WHAT YOU NEED TO DO
Pictures stay out of the copy. Retype exactly the lines below from the one with "Hình ảnh khối" through the one with "Victoria’s Vogue Bohemia".

*** EXERCISE DATA

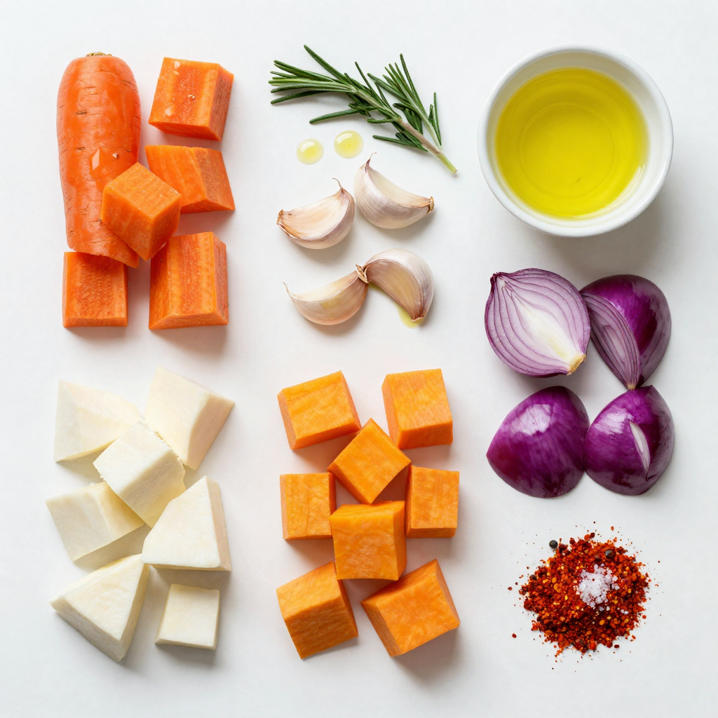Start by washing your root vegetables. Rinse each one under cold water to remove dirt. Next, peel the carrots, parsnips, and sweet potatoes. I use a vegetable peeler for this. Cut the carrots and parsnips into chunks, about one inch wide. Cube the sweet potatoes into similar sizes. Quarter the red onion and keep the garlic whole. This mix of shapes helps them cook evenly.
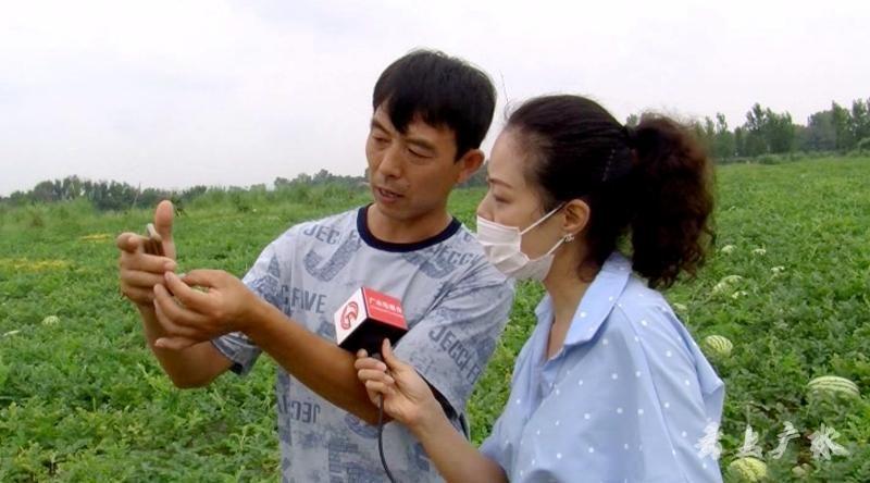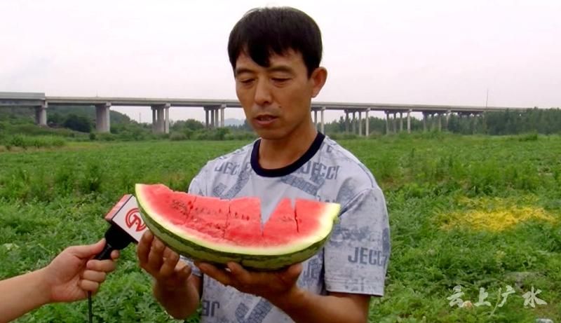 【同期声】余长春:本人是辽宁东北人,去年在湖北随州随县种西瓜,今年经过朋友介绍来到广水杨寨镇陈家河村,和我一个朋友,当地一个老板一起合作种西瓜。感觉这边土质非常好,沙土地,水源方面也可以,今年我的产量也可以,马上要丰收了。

******
*** EXERCISE DATA

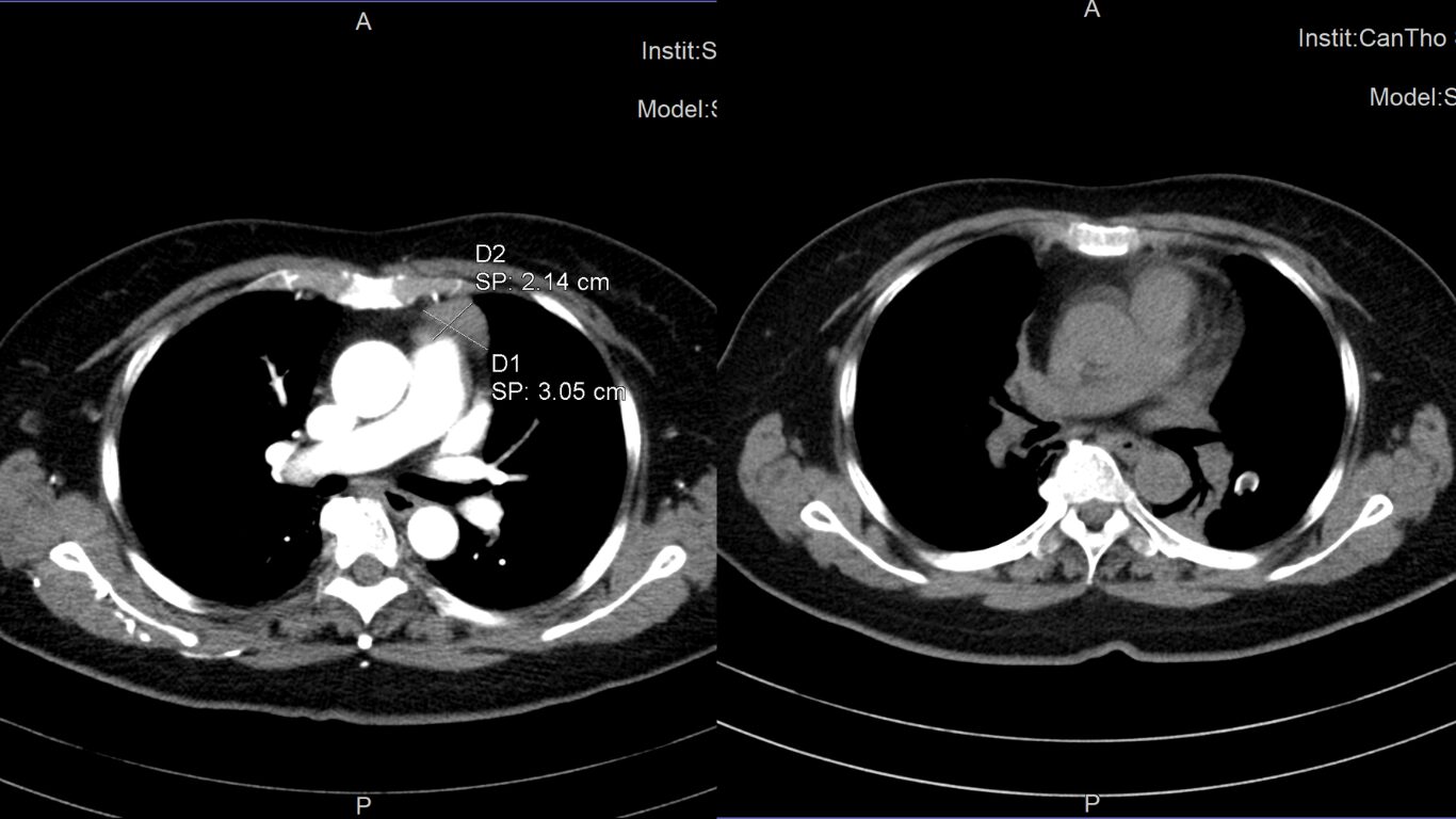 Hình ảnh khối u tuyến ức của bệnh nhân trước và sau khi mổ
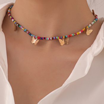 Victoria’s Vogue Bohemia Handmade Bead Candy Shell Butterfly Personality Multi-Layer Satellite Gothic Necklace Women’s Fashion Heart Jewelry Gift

******

TASK ANSWER
 Hình ảnh khối u tuyến ức của bệnh nhân trước và sau khi mổ
 Victoria’s Vogue Bohemia Handmade Bead Candy Shell Butterfly Personality Multi-Layer Satellite Gothic Necklace Women’s Fashion Heart Jewelry Gift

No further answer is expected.